NICE. Multi-morbidity: clinical assessment and management. NG56. London: National Institute for Health and Care Excellence; 2016.
Salisbury C, Johnson C, Purdy S, et al. Epidemiology and impact of multimorbidity in primary care: a retrospective cohort study. Br J Gen Pract. 2011;61(582):e12-21.
The King’s Fund. Understanding pressures in general practice. London: The King’s Fund; 2016.
van den Akker M, Buntinx F, Metsemakers JFM, et al. Multimorbidity in general practice: prevalence, incidence, and determinants of co-occurring chronic and recurrent diseases. J Clin Epidemiol. 1998;51(5):367-75.
Walker A. Multiple chronic diseases and quality of life: patterns emerging from a large national sample, Australia. Chronic Illn. 2007;3(3):202-18.
This was a large study and makes use of a well-validated clinical database representing 7% of the UK population. One obvious weakness is that the study only considers cost in those aged over 80, not the whole population.
The study makes an important contribution to disproving the hypothesis that “the ageing population” is driving the current problems in the NHS.

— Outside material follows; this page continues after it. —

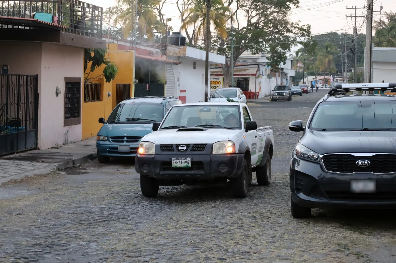 La dependencia estatal indicó que con unidades pesadas se fumiga este lunes en la colonia San Pablo (Colima), colonias Sor Juana Inés de la Cruz, Santa Elena y fraccionamiento Limonero (Tecomán) y colonias Cuauhtémoc y Constitución (Manzanillo).

There are two obvious implications. Firstly, the study underscores the idea that we should collectively move towards a preventive, generalist-led, person-centred model of care.
Secondly, the study provides important evidence towards downgrading the importance of age per se in calculating resource allocation formulae and upgrading morbidity.
Greg Fell, Director of Public Health, Sheffield
The NICE guidelines for multi-morbidity, clinical assessment and management (2016), define multi-morbidity as presence of two or more long-term health conditions, which can include physical and mental health conditions, on-going conditions, complex symptoms such as frailty or pain, sensory impairment and alcohol and substance misuse.
The Clinical Practice Research Data link (CPRD; 2017) is a governmental, not-for-profit research service, jointly funded by the NIHR and the Medicines and Healthcare product Regulatory Agency. CPRD data is available for public-benefiting research only, and covers around 7% of the UK population, mainly GP surgeries in the south of England.